For now, the real key for a publisher is to ensure that they are mobile-ready. Advertisers will notice and monetization opportunities should increase.

Ad House Reference

I own a number of domains, many of which I have not developed for lack of time and also for lack of formally conceptualizing how I will use the domain, but I recently purchased a domain adhousref.com. As the name would suggest, I want to create a website that provides simple and basic details about the online advertising world, such as which agency is owned by another, what advertisers work with said agencies, etc. Really the idea was born out of the fact that I have found it extremely difficult to find even basic information with regards to agencies and the online advertising world (especially since I am very new to the industry and also don’t have much knowledge about the ins-and-outs of the industry). The idea for the site was inspired by a great website that an adviser pointed me to called sellercrowd.com (and, for those of you who are already in the industry and know the ups-and-downs, ins-and-outs, check out this great Tumblr blog).

Over time I am hoping that the site will evolve and become a trusted source to learn about up-to-date news within the online advertising world. It is definitely conceived of as a resource to help the sell side of the advertising industry, but I definitely see some uses in the future for the buy side as well (for example, since campaign RFPs are still very much so used, perhaps buyers can post their RFPs direct and manage them via the site). While I recognize there are plenty of other sites out there that have this information (and even on some ad agency sites they have very specific information about their offices, their work and specialties), most of those sites are built behind pay or login firewalls that add (in my opinion) an unnecessary layer to an already massively layered process.

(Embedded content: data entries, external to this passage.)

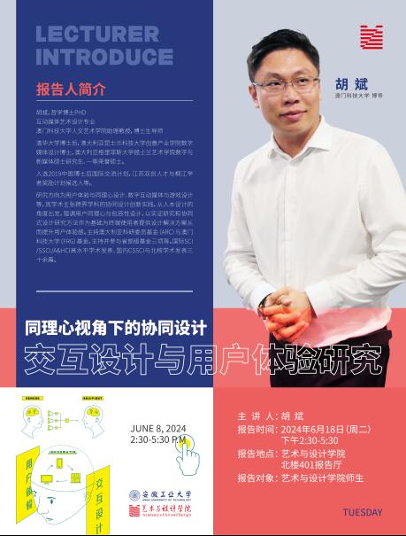 胡斌,哲学博士PhD,互动媒体艺术设计专业。澳门科技大学人文艺术公司助理教授,博士生导师。清华大学博士后,澳大利亚昆士兰科技大学创意产业公司数字媒体设计博士,澳大利亚格里菲斯大学昆士兰艺术公司数字与新媒体硕士研究生、一等荣誉硕士。入选2019中国博士后国际交流计划,江苏双创人才与桐江学者奖励计划候选人等。研究方向为用户体验与同理心设计、数字互动媒体与游戏设计等,其学术主张跨界学科的协同设计创新实践,从人本设计的角度出发,强调用户同理心与包容性设计,以实证研究和协同式设计研究方法作为基础为终端使用者提供设计解决方案从而提升用户体验感。主持澳大利亚科研委员基金(ARC)与澳门科技大学(FRG)基金,主持并参与省部级基金三项等。国际SCI/SSCI/A&HCI高水平学术发表、国内CSSCI与北核学术发表三十余篇。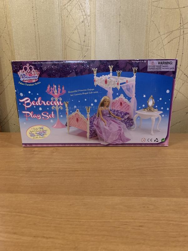 Меблі для барбі. Спальня для принцеси. Дуже сподобається вашій дівчинці цей набір лялькової меблів. У нього входить вишукана біло - рожева ліжечко з канделябром і яскравим, мереживним комплектом ліжечка; білосніжний столик , а на ньому дзеркало в золотій вишуканій оправі; елегантний свічник. Меблі підходить для ляльки 29 див. Розмір упаковки: 31*17.5*6 див. Набір новий.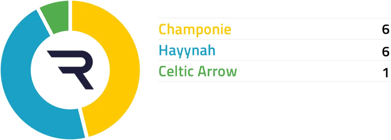 CHAMPONIE is a well-bred debutante who cost 70,000gns and represents a yard with a decent record with newcomers. Hayynah has placed three times from four starts and adds first-time cheekpieces after a 169-day absence. Celtic Arrow is lightly raced and could improve with experience.

More details to come as the concept for the site gets finalized and slowly built. I think between the redesign of Raj Design Group, work being done for American Academic Prep, and the update of the MAUA website, this is going to be a pretty busy summer.

The Fragmented World of Online Media Sales

The Beginning
Recently I have been working on building an in-house premium online display ad sales unit within PeekYou. We’re slowly approaching 10mm monthly visits, and as a result, are looking towards new channels to monetize our traffic beyond simple Google display ads and direct text link deal partnerships. Whereas just a few years ago, major brand name advertisers were content spending big ad budgets for pure volume-based CPM campaigns, many advertisers are now looking for very specific audience buys and targeted display campaigns. It is for this reason that we integrated our DFP ad server with Quantcast’s Audience Segment API.

I have the space, you bring the campaign
As we have learned the hard way, getting in touch with advertisers in order to sell our inventory direct to them is proving to be extremely difficult. There are numerous websites out there (such as sellercrowd.com) that help online ad sales reps by anonymously connecting them within a forum-style Q&A site, in order to make sure that the sell side is able to monetize their inventory. Gone are the days where a publisher can simply integrate audience data, and sell premium display.

Next steps
I am 100% sure everyone on the sell side (and buy side for that matter) has had the exact same feeling towards the entire industry and the fragmented nature of advertising online. I recently came across a great article that focused on bringing small businesses online and into the display advertising world (most small businesses focus on products like Google AdWords/SEM to market their wares online since they don’t always have the resources to create an effective display ad campaign like some of the bigger advertisers out there). Perhaps publishers within our tier of traffic (anywhere between 5mm to 15mm monthly visits) should be looking to target these mid-level advertisers to better monetize their inventory, rather than going after the agency-supported advertising clients? Until publishers can get a fair shot at pitching their inventory direct, online media sales will continue to be a fragmented, disjointed marketplace.